What the task requires
Dropping every picture, set down exactly the lines in the entries below, starting with the line with "также снятие наличных." and going on through the line with "Pegatina de forma".

Exercise input

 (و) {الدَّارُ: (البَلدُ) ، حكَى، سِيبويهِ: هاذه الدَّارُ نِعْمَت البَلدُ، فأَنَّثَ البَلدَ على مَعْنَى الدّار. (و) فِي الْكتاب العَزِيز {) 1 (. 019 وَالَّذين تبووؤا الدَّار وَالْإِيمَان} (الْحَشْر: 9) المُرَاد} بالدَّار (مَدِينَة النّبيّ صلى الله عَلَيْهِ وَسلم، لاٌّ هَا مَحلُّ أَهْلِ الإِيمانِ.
* * *
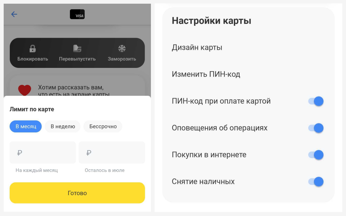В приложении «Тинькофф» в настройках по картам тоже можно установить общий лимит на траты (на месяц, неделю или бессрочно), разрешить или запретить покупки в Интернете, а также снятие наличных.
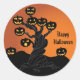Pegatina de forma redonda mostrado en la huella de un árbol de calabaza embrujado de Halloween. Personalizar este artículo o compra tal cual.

Task solution
В приложении «Тинькофф» в настройках по картам тоже можно установить общий лимит на траты (на месяц, неделю или бессрочно), разрешить или запретить покупки в Интернете, а также снятие наличных.
Pegatina de forma redonda mostrado en la huella de un árbol de calabaza embrujado de Halloween. Personalizar este artículo o compra tal cual.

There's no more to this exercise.